(Records excerpted from a collection)
---------------

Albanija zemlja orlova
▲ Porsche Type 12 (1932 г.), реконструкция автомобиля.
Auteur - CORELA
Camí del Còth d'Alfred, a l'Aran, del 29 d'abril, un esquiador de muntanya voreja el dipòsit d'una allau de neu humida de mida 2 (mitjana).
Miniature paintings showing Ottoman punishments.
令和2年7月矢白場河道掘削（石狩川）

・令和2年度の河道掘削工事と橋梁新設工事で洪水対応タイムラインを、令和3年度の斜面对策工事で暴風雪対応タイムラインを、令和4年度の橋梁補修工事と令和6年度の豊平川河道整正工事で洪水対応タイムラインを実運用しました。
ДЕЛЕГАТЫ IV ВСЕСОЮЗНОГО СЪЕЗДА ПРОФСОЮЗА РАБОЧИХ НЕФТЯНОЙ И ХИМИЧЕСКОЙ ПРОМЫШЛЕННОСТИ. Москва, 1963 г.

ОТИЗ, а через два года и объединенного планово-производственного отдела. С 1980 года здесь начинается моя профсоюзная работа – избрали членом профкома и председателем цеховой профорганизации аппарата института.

---------------

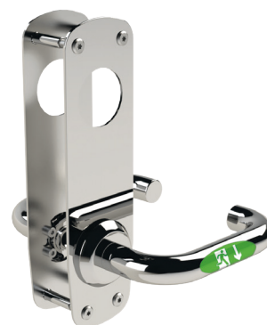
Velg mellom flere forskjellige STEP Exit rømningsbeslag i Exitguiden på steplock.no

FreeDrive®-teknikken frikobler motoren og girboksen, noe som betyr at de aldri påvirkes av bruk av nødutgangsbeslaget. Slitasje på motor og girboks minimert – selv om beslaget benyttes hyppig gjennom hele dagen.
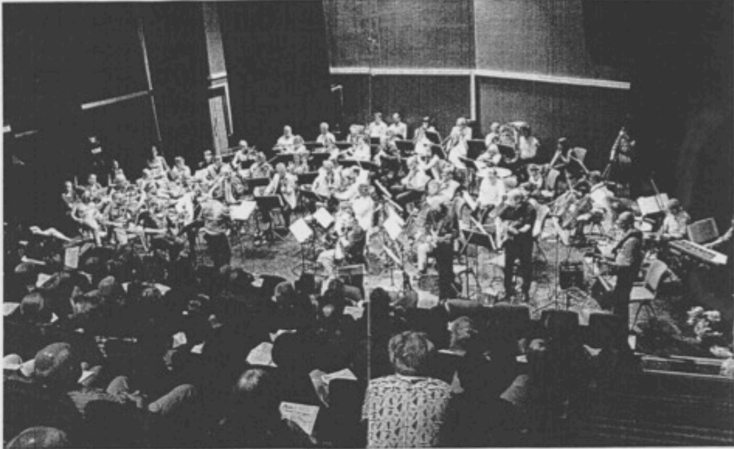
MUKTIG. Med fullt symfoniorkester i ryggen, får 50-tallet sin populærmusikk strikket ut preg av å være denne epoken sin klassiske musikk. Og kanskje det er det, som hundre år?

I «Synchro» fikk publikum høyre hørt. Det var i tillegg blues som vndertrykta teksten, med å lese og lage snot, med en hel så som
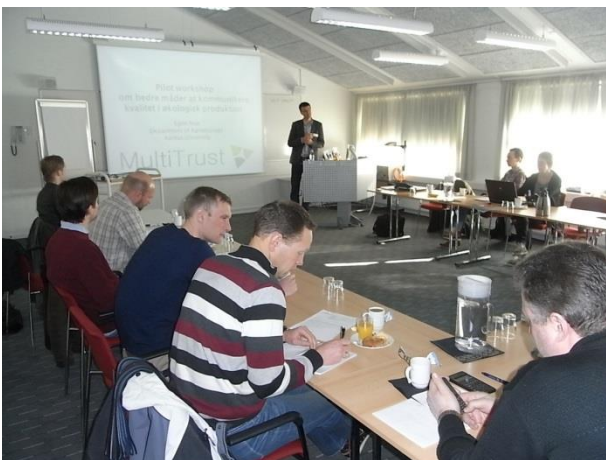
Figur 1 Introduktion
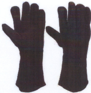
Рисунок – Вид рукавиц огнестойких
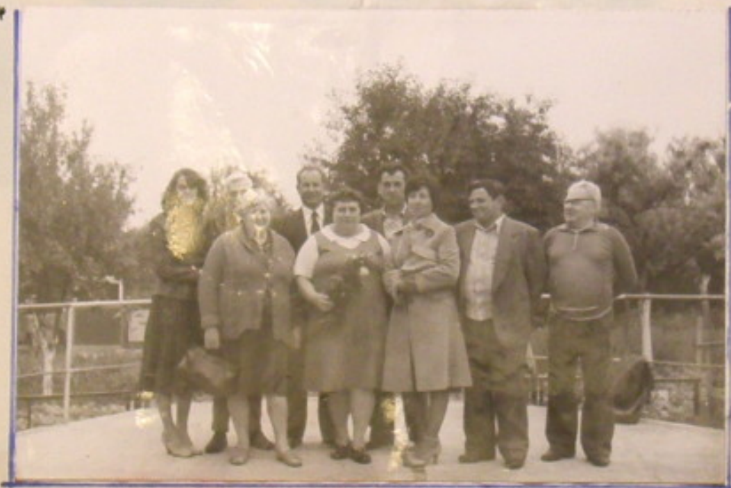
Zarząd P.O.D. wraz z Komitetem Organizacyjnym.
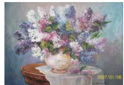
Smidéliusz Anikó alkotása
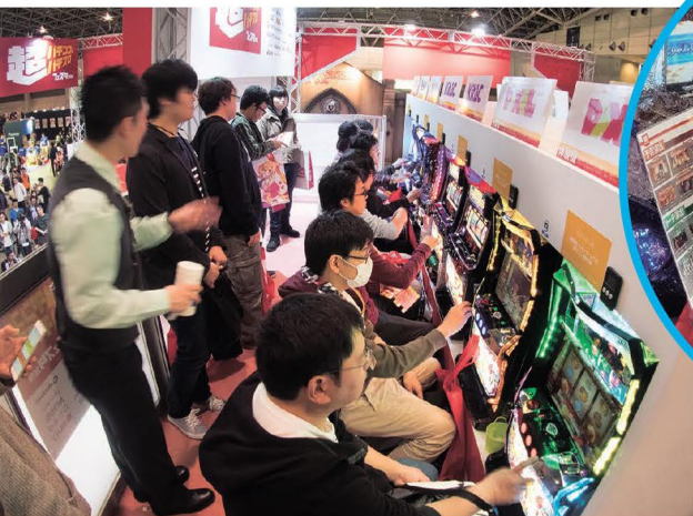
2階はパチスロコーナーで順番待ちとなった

---------------

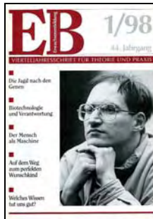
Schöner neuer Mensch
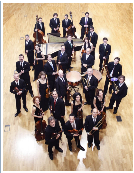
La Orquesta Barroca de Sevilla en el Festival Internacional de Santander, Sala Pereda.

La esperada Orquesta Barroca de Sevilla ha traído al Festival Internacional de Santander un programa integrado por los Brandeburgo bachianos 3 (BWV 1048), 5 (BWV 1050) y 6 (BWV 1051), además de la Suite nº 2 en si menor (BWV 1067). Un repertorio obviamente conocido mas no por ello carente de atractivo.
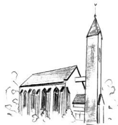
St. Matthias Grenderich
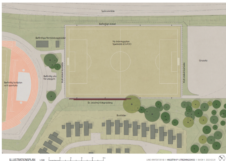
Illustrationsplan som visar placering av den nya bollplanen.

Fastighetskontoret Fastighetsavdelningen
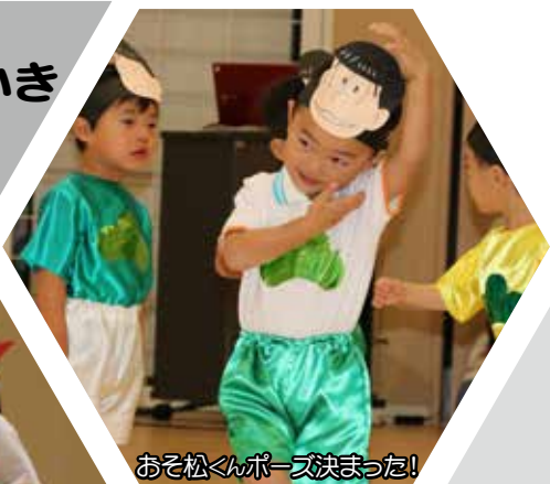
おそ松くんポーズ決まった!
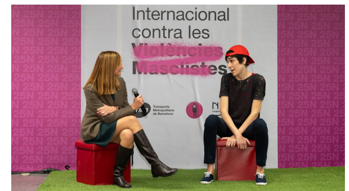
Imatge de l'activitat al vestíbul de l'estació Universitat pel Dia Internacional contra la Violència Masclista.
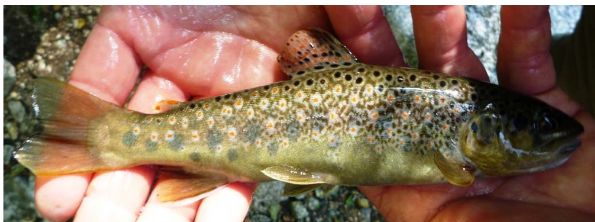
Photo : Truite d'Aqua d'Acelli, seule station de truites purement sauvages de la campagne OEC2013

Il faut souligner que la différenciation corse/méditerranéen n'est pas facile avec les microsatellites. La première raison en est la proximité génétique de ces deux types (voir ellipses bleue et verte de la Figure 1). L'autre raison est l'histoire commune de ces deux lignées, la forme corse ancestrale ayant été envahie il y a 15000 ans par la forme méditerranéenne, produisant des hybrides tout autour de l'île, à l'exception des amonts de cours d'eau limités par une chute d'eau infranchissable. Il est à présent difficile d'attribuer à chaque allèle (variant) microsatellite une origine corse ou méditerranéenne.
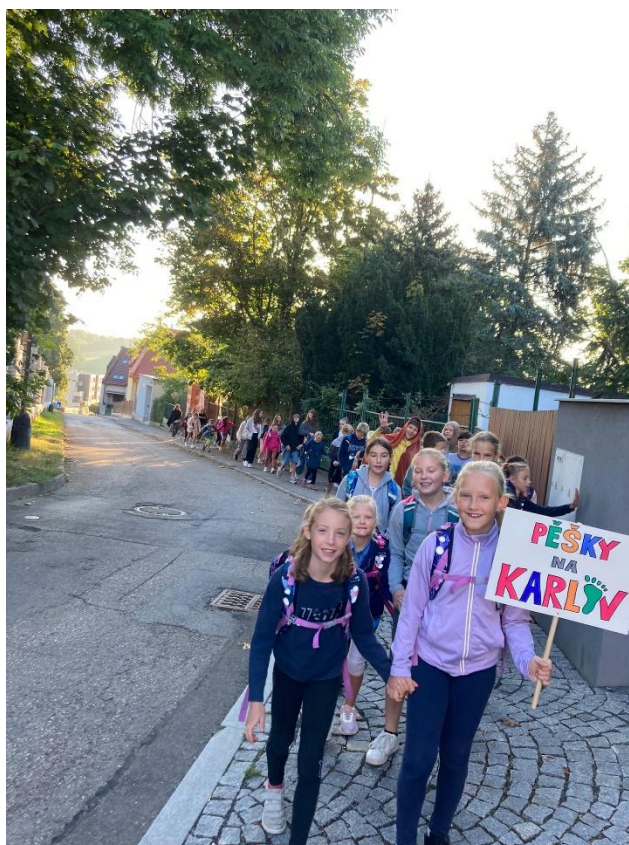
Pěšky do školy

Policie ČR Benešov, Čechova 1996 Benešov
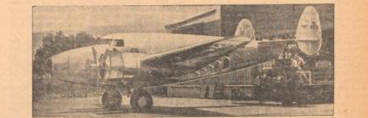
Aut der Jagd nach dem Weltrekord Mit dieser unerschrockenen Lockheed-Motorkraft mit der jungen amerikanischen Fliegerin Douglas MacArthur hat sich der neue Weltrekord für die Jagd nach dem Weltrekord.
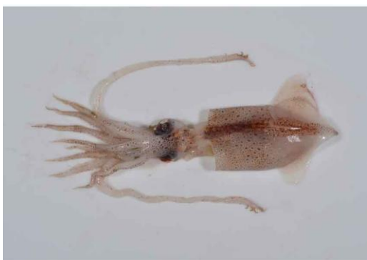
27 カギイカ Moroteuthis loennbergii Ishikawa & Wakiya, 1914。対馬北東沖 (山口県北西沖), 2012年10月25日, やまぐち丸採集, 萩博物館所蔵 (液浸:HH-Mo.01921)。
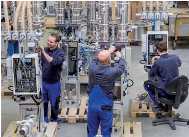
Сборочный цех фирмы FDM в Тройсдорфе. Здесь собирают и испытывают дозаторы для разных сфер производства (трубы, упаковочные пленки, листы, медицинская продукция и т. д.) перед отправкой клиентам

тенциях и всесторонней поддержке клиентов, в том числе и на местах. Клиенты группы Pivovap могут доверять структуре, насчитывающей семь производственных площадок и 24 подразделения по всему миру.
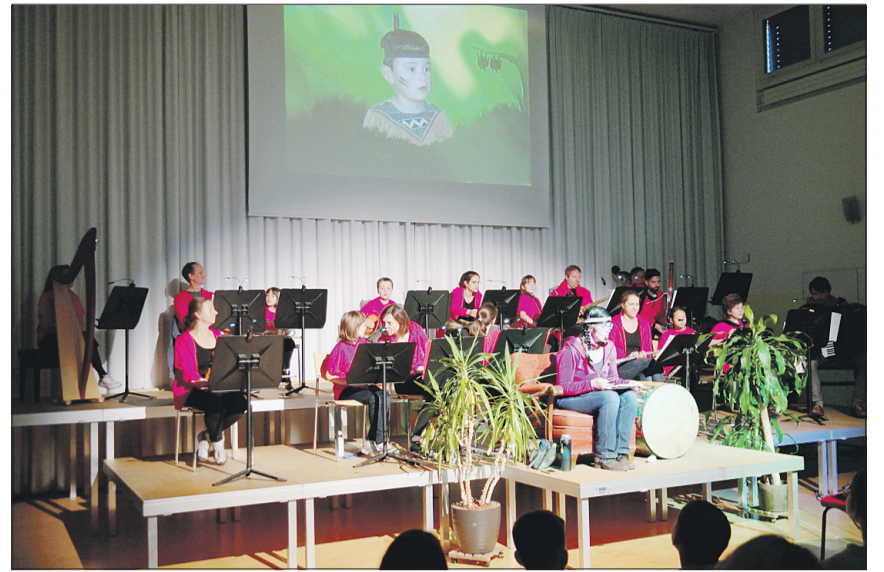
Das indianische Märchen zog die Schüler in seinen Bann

---------------

**Aim of the exercise**
What are the lines above from the one with "FreeDrive®-teknikken frikobler motoren" to the one with "2階はパチスロコーナーで順番待ちとなった", both included? Reproduce them exactly, without pictures.

**Finished exercise**
FreeDrive®-teknikken frikobler motoren og girboksen, noe som betyr at de aldri påvirkes av bruk av nødutgangsbeslaget. Slitasje på motor og girboks minimert – selv om beslaget benyttes hyppig gjennom hele dagen.
MUKTIG. Med fullt symfoniorkester i ryggen, får 50-tallet sin populærmusikk strikket ut preg av å være denne epoken sin klassiske musikk. Og kanskje det er det, som hundre år?

I «Synchro» fikk publikum høyre hørt. Det var i tillegg blues som vndertrykta teksten, med å lese og lage snot, med en hel så som
Figur 1 Introduktion
Рисунок – Вид рукавиц огнестойких
Zarząd P.O.D. wraz z Komitetem Organizacyjnym.
Smidéliusz Anikó alkotása
2階はパチスロコーナーで順番待ちとなった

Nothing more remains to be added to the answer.